It’s easy to feel totally alone going through infertility, it’s easy to wallow in self pity and tell yourself no one understands. The beauty of blogging is that you realize you're not alone (even if you occasionally forget.) If I wanted to find another blog about an infertile engineer turned pregnant I could probably find it in about 30 seconds. But blogging, for me, hasn’t been about finding 100 other bloggers just like me, it has been about making friendships and connections, and I’ve made one that I hope will last forever.

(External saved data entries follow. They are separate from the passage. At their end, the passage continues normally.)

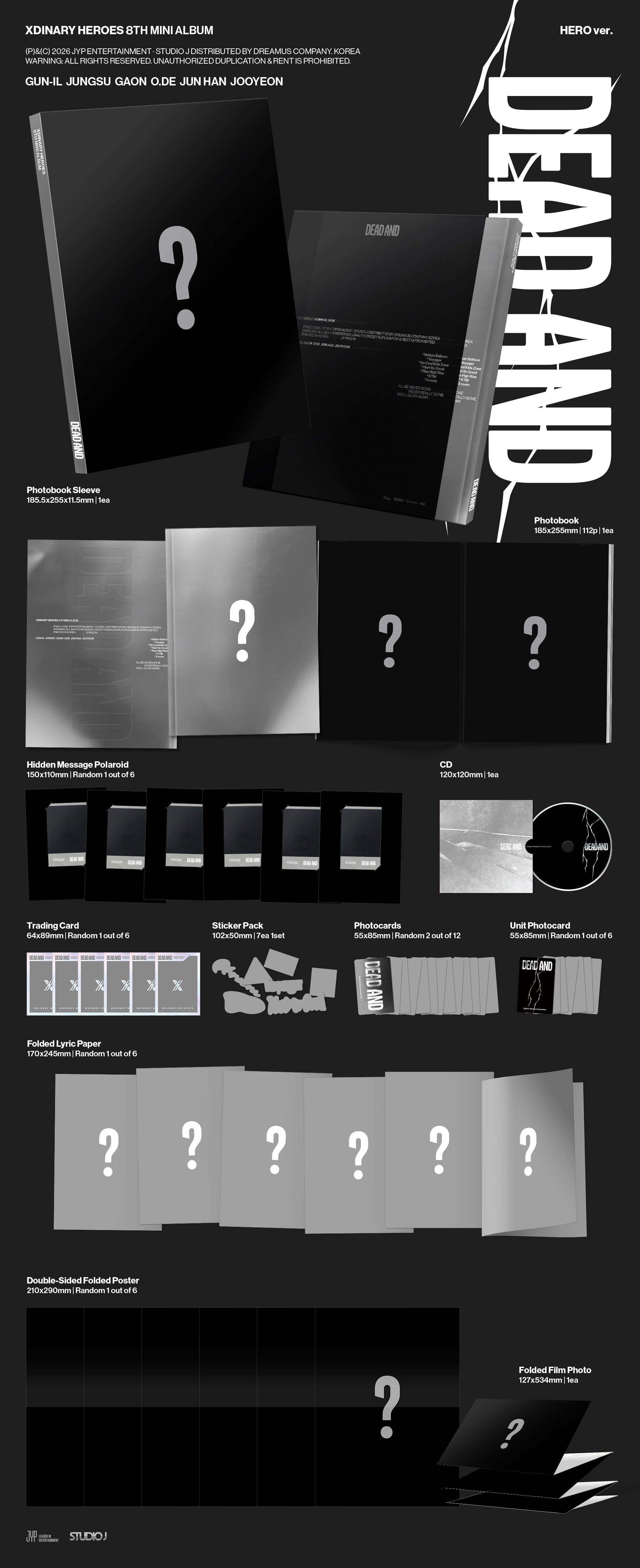 Xdinary Heroes (Gun-il, Jungsu, Gaon, O.de, Jun Han, Jooyeon) return with their 8th Mini Album ‘DEAD AND’ available in 2 versions: Boy in Chic ver. and HERO ver. Contents of the album include: CD, Photobook (112pg), Photobook Sleeve, Hidden Message Polaroid (1 of 6), Trading Card (1 of 6), Sticker Pack (1set / 7ea), Photocards (2 of 12), Unit Photocard (1 of 6), Folded Lyric Paper (1 of 6), Double-sided Folded Poster (1 of 6), Folded Film Photo. Dimensions: 255 x 186 x 12 mm.
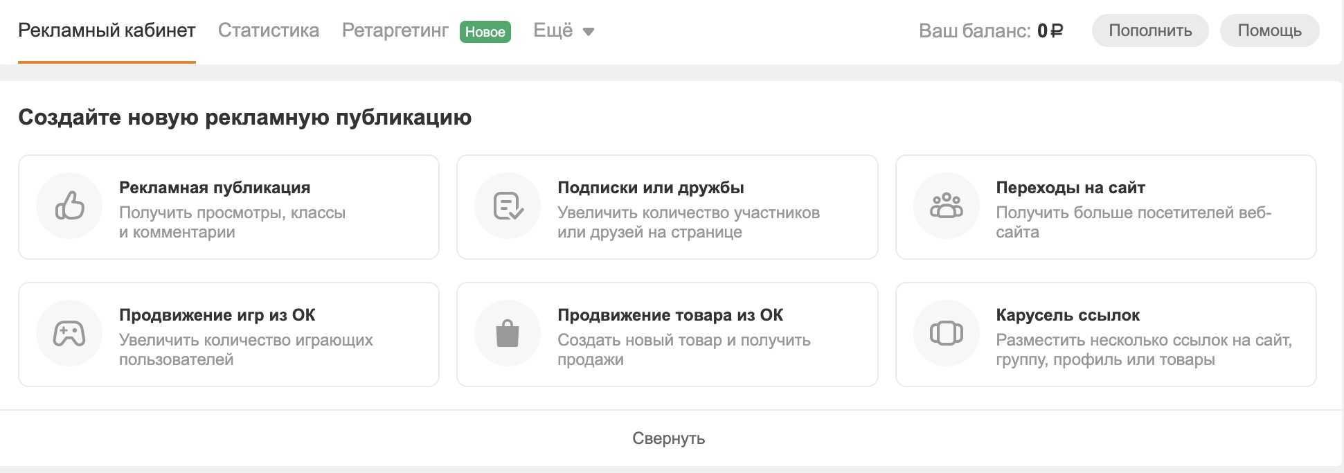 В Рекламной кабинете ОК можно настроить таргетинг для различных целей.
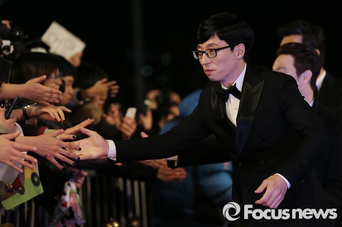 인터넷 언어폭력은 엔터테인먼트 업계는 물론이고 사회 전체적으로 반드시 척결해야 할 사안 중 하나입니다. 당사는 건전한 인터넷 문화 확립을 위해 꾸준히 노력할 것입니다. 이에 대한 많은 관심과 배려를 부탁드립니다. 감사합니다.(서울=포커스뉴스) 29일 오후 서울 마포구 MBC 미디어센터에서 열린 '2015 MBC 방송연예대상' 시상식에 참석한 개그맨 유재석이 팬들과 악수를 하고 있다. 2015.12.29 김유근 기자
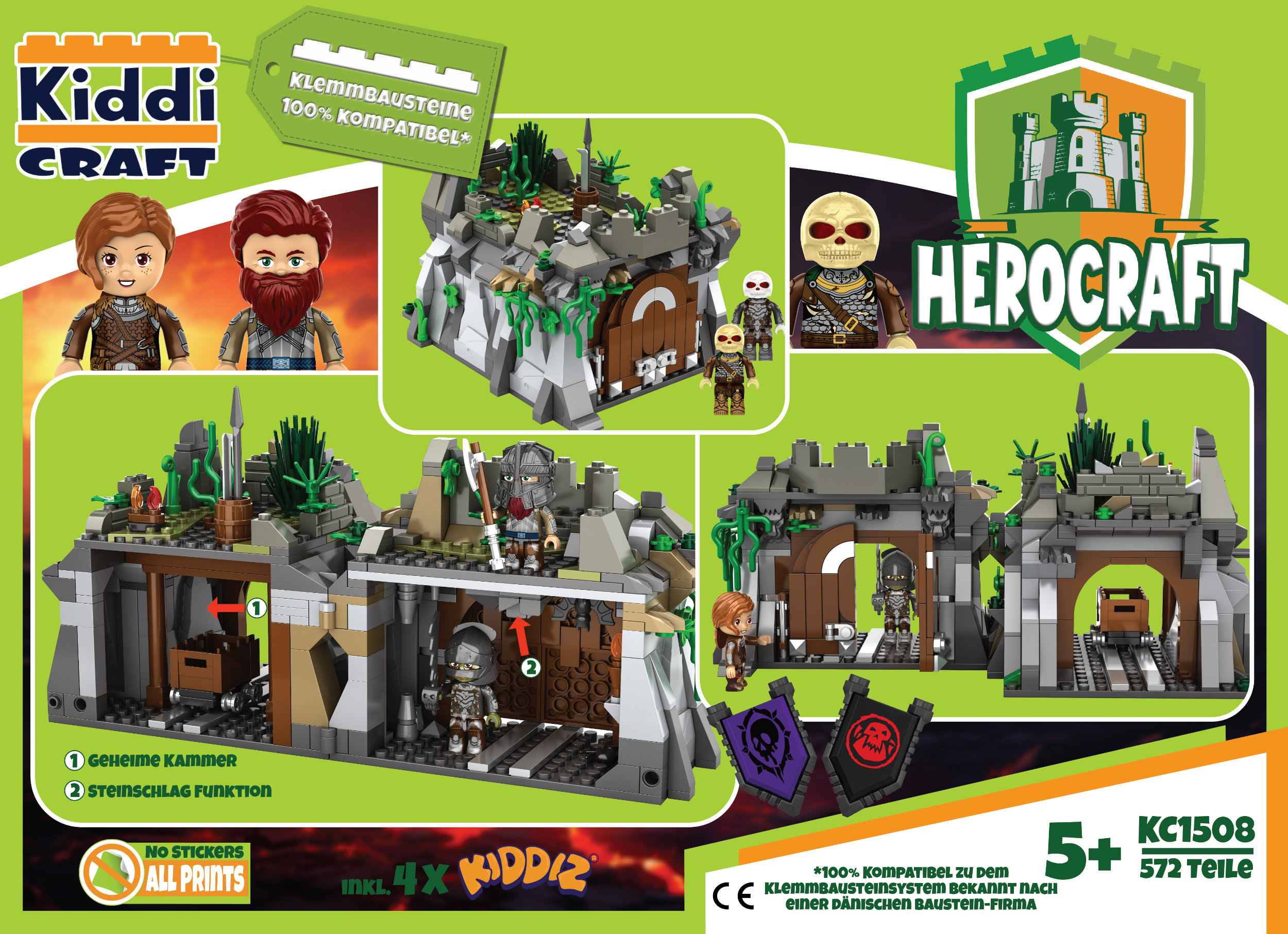 -572 Teile-4 KIDDIZ Figuren-viele Accessoires- Steinschlag Funktion- geheimer Hohlraum für Schätze oder den Skelettkrieger

I came across S.I.F's blog when I first started blogging. I realized she was also from
so I emailed her and we talked back and forth a few times. At the time she was really struggling after an unsuccessful FET but she still made the time to talk with me and support me. Alaska
Our few emails eventually turned into a hike, and that’s all it took, instant friendship. The day we went hiking was the day before I started lupron for IVF1.0. She helped me through the fear of what was to come and inspired me to stay hopeful. Most of you know the story of IVF1.0, but if you don’t, here is how it started, and here is how it ended...
I don’t think I’ve ever been in a darker place than I was after IVF1.0. I tried to stay positive, I objectively looked at the situation and pretended to be OK, but I wasn’t. My family and other friends tried to be there for me but they didn’t know what to say. S.I.F was there, always with the right words and a hug.
Prepping for IVF1.5 I was a mess again. I wasn’t feeling hopeful, S.I.F held the hope for me, she stayed positive and about a week before I left she made me a mix tape (the ultimate sign of friendship!) The CD was full of inspiring songs about how I was not in control and just needed to relax and live. It was on repeat in my car for that whole week and when ever I was about to lose it I turned it on and relaxed.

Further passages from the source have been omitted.